Biden’s explanation to the press for not answering the question about the courts on Oct. 8 was, “The moment I answer that question, the headline in every one of your papers will be about that.” He is, of course, correct. If he promises to expand the court, he would be promising to change something that has been constant since 1869. That’s newsy. If he promises not to expand the court, he would be driving a wedge in his own base, since some progressive activists and even some elected officials support the idea. That’s newsy too.

If Barack Obama’s foreign policy strategy was “don’t do stupid stuff,” his vice president’s campaign strategy is “don’t do newsy stuff.” Like it or not, “don’t do newsy stuff” has served Biden well so far. It won him the primaries, and he’s never trailed — or even been close to trailing — in the RealClearPolitics national polling average at any point during the general election campaign. He has also consistently outperformed Hillary Clinton’s 2016 polling average since early August.

People who are upset that he won’t answer questions are forgetting some important facts. Biden does not hold elected office. He does not serve the people of the United States. He is an ordinary private citizen (despite retaining the honorific “Vice President,” which is a grotesque, quasi-aristocratic tradition that we should dispense of, but that’s a topic for another article). He is under no obligation to talk to the press if he does not want to. Joe Biden doesn’t have to answer your questions.

“But he should tell the American people where he stands on the issues if he wants them to support him!” you might say. Well, the American people don’t seem to mind. They keep telling pollsters they support him more than President Trump.

It makes sense why: The vast majority of Americans don’t even know Biden has refused to answer questions. Political scientists Yanna Krupnikov and John Barry Ryan found that around 80 percent of Americans don’t follow politics very closely at all. But that doesn’t mean they don’t vote or identify with parties. They just don’t really care about the day-to-day controversies that the 20 percent of Americans who follow politics closely obsess over.

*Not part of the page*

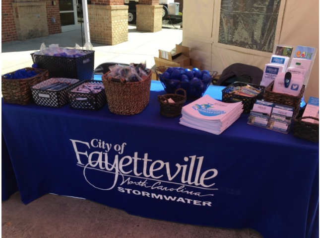
Photograph 4: Dogwood Festival Booth

For each event, the Stormwater Educator and Stormwater Staff have provided information that is relevant for the event and has provided activities that would engage the participants. The Stormwater Educator has utilized several activities and tools mentioned above to provide public awareness about stormwater pollution prevention and the City's response to it. Following are several photographs from various public awareness events.

The vast majority of them don’t have the faintest idea what “calling a lid” means and haven’t given a second’s thought to court packing. According to Krupnikov and Ryan, Democrats who don’t follow politics closely are much more likely to consider moral decline as an important issue than Democrats who do follow politics closely. That might be why Biden is running ads that say things like “vote for empathy” and “vote for respect” instead of “vote for a 38-point energy plan that will create a million new jobs, reduce carbon emissions by 5 percent, and be revenue-neutral over the 10-year budget window.”

Joe Biden’s job is not to conform to some ideal presidential campaign that political junkies have invented. His job is not to give detailed positions on every issue that matters to policy nerds. His job is to get more votes in the Electoral College than Donald Trump. He seems to think he can do that by running feel-good ads that don’t even mention Trump, posting about ice cream on social media and not doing newsy stuff. We’ll have to wait until all the votes are counted to know if it worked — but it seems to be going pretty well so far.